Organocatalysis is recognized for its power to activate substrates through generic modes of reactivity. While the intermediate formed upon activation of the substrate by the chiral catalyst can participate in many reaction types with consistently high stereoselectivity, the intrinsic limit of this approach is that it only allows the design of mechanistically related processes. These limitations were recently removed with the introduction of catalytic amount of colored metal complexes (photoredox catalysts) as intermediaries between visible light and colorless substrates. The urge to uncover novel reactivity has provided a force for innovation in enantioselective radical chemistry and photoredox catalysis. Along these lines, the research work described in this presentation has demonstrated how intermediates with established polar chemistry can be repurposed for radical reactivity to solve otherwise difficult synthetic problems. Through the judicious selection of photocatalysts and radical precursors, these classical intermediates could be involved in novel radical chemistry. This opened up new opportunities for selective C-C and C-S bond formations, yielding diverse scaffolds with potential bioactivity.

Iminium ions exhibit a rich chemistry in the polar domain. It was demonstrated that iminium ion catalysis is also effective in radical pathways, ensuring the interception of nucleophilic primary radicals for conjugate addition with high stereocontrol. Employing a strongly oxidizing acridinium organic photocatalyst, the non-stabilized primary radicals were generated upon oxidative ring opening of cyclobutanols. The chiral iminium intermediates were effective in overcoming racemic background processes while trapping short-lived open-shell species, ensuring good enantioselectivity in 1,7-dicarbonyl scaffold formation. The resulting products offered a straightforward access to analogs of natural products and pharmaceuticals, introducing new stereocenters through simple transformations.

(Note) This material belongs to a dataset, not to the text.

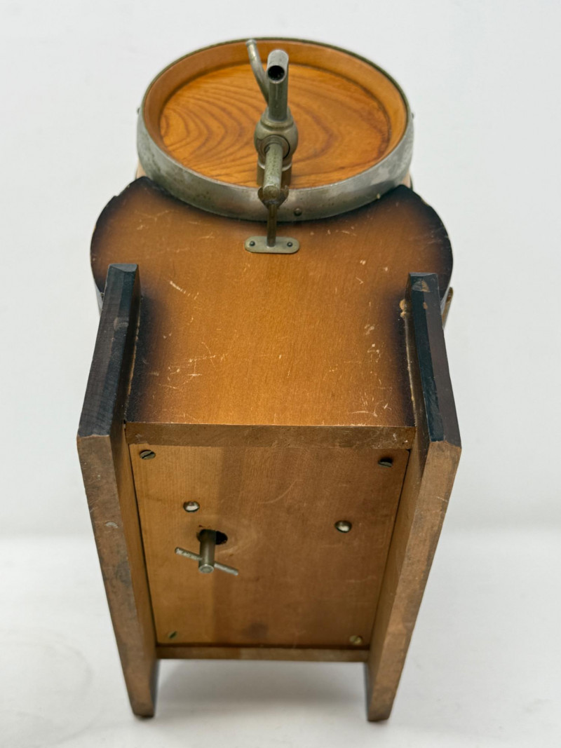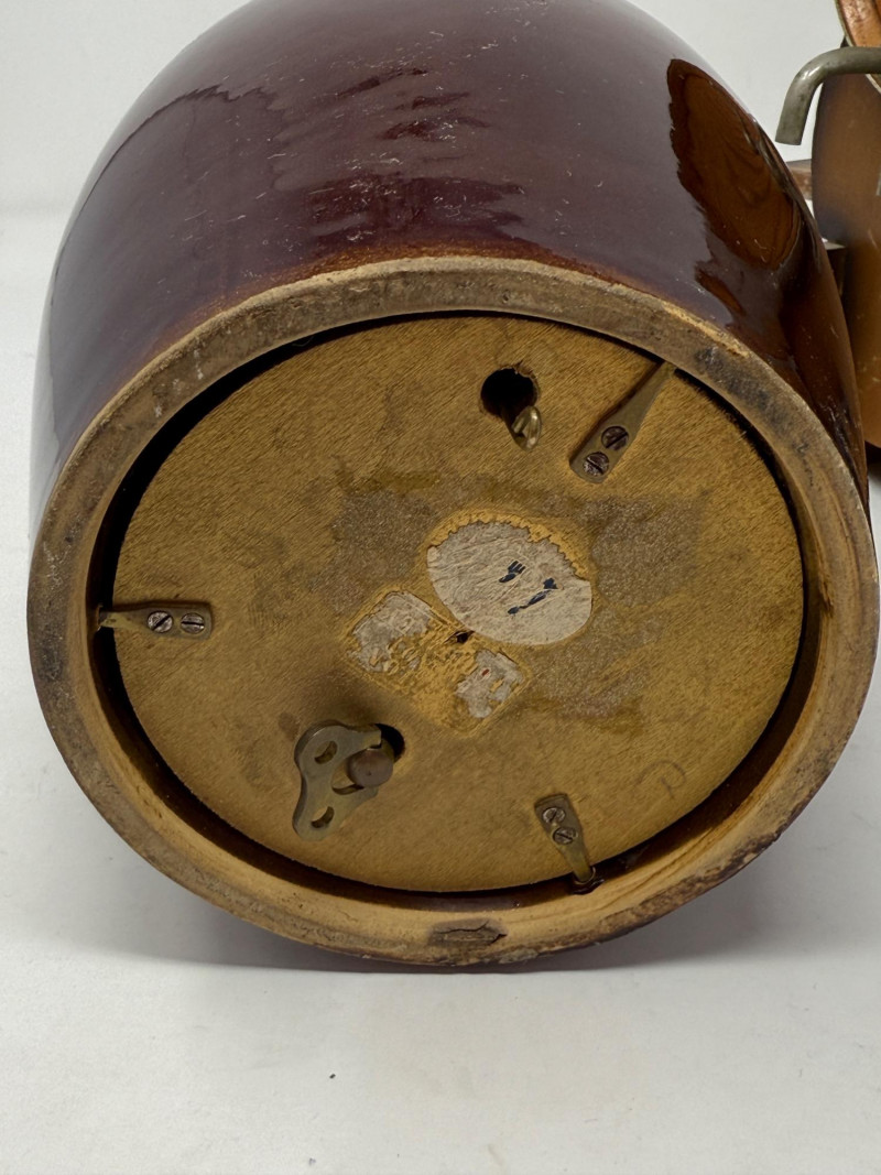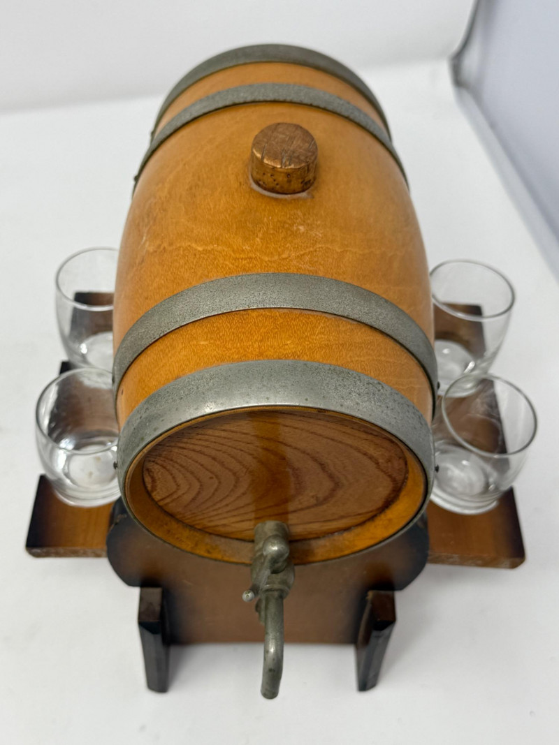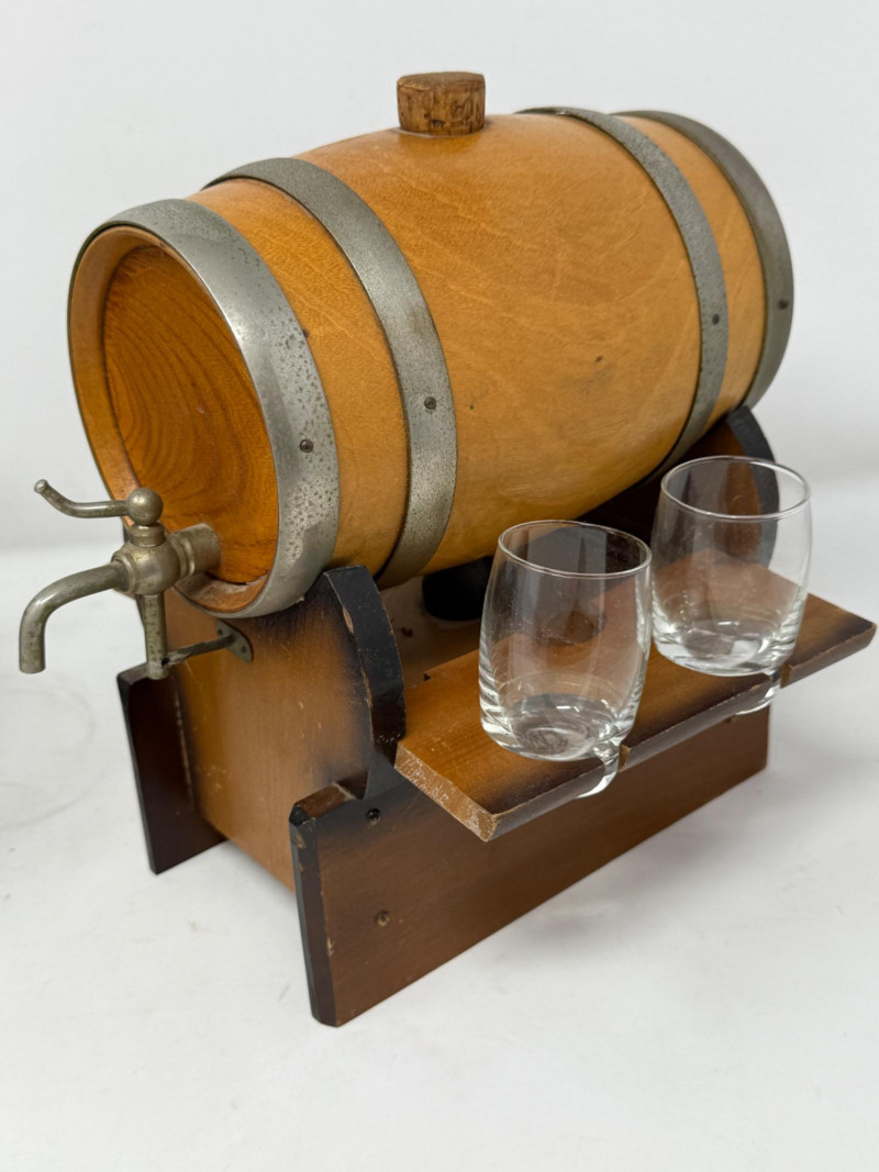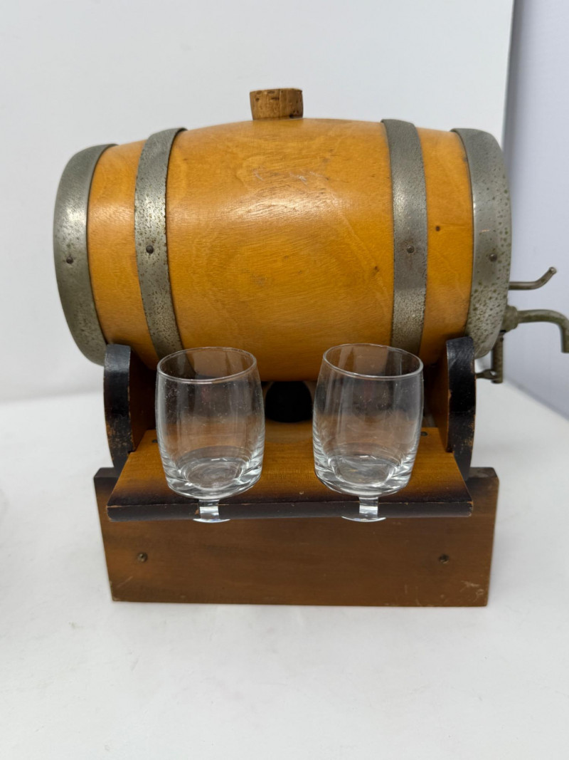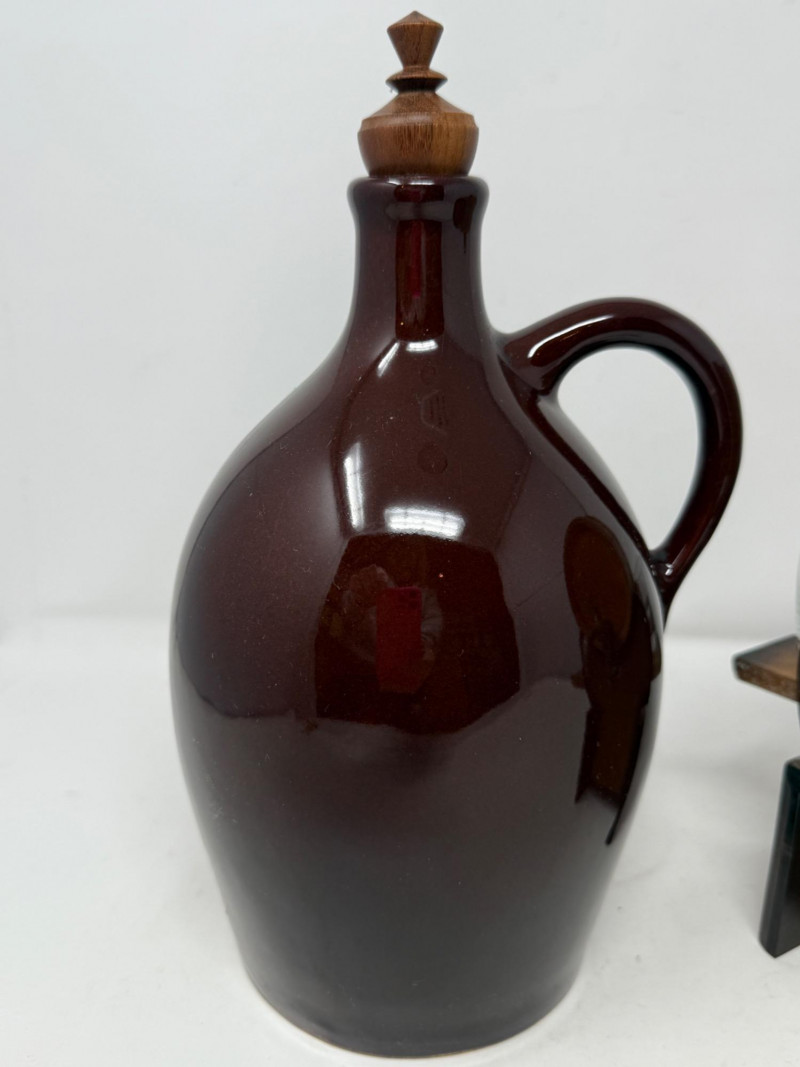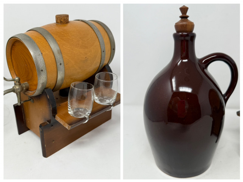 Brown Pottery Jug & Liquor Dispensing Keg Vintage musical liquor dispensing keg with 4 shot glasses. Music box works and plays when the spigot is opened. 8.55x7.5x9” with cork plug. Brown pottery jug musical decanter with wood plug. Music box works. 6.5x11”

To further expand the chemistry, a radical umpolung strategy for chiral iminium ions was developed. Leveraging their electrophilicity, the SET reduction of chiral iminium ions switched the electrophilic β-position to nucleophilic within the resultant chiral 5π-electron radical. This polarity-inversion permitted the cross-electrophile coupling between two unsaturated carbonyl compounds to take place, affording chiral 1,6-dicarbonyl compounds as a single regioisomer with excellent enantioselectivity. Building on this photoredox organocatalytic approach, the first example of asymmetric conjugate cynation of enals was also disclosed. The preparation of β-cyanoaldehyde with good enantioselectivity and exclusive chemoselectivity permitted a short synthetic route to unnatural chiral amino acids.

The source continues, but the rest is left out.